Start of EXTRACTED DATA
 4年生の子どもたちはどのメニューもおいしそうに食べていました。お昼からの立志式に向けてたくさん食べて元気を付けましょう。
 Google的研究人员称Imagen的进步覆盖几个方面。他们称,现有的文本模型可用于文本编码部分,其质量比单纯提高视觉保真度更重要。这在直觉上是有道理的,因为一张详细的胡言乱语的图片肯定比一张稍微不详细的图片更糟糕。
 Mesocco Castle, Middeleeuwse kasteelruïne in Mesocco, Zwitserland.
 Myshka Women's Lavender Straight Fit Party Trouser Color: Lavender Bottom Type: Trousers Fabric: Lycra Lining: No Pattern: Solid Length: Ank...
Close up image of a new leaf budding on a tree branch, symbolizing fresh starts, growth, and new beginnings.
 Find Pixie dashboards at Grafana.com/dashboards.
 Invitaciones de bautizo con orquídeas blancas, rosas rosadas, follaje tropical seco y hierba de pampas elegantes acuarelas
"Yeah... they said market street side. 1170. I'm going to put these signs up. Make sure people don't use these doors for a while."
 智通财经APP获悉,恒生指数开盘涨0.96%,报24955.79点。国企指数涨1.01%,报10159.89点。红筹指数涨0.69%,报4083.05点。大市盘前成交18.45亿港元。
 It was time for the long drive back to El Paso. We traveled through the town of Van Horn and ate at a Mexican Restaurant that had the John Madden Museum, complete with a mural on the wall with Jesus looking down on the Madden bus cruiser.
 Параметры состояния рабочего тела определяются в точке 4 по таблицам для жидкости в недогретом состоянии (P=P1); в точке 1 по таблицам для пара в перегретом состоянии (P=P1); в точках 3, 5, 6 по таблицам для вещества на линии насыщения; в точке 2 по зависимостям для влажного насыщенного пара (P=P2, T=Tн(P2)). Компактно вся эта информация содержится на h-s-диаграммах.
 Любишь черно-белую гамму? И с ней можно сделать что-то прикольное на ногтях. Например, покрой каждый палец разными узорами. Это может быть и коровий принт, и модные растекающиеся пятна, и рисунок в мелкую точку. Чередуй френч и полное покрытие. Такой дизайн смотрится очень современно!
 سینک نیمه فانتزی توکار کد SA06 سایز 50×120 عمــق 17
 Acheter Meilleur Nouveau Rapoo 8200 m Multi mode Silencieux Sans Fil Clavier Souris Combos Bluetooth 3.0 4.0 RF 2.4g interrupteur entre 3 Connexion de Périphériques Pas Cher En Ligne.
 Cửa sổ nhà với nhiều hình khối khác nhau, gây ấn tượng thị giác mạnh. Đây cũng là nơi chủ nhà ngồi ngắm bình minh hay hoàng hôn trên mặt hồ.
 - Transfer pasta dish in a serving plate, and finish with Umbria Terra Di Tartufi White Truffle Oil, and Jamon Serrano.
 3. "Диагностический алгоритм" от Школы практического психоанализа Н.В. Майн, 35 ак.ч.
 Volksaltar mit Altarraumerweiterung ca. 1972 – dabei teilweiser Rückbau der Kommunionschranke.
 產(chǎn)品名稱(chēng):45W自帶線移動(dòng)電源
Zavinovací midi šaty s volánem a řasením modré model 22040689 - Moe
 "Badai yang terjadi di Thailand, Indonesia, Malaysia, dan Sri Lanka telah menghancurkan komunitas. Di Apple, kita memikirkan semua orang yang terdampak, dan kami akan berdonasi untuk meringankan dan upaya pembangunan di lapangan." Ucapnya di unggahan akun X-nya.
End of EXTRACTED DATA
WHAT THE TASK REQUIRES |
The lines from the one holding "Volksaltar mit Altarraumerweiterung ca." to the end of the entries are to be repeated exactly, with both ends included and nothing else.

SOLUTION FOR THIS EXERCISE |
 Volksaltar mit Altarraumerweiterung ca. 1972 – dabei teilweiser Rückbau der Kommunionschranke.
 產(chǎn)品名稱(chēng):45W自帶線移動(dòng)電源
Zavinovací midi šaty s volánem a řasením modré model 22040689 - Moe
 "Badai yang terjadi di Thailand, Indonesia, Malaysia, dan Sri Lanka telah menghancurkan komunitas. Di Apple, kita memikirkan semua orang yang terdampak, dan kami akan berdonasi untuk meringankan dan upaya pembangunan di lapangan." Ucapnya di unggahan akun X-nya.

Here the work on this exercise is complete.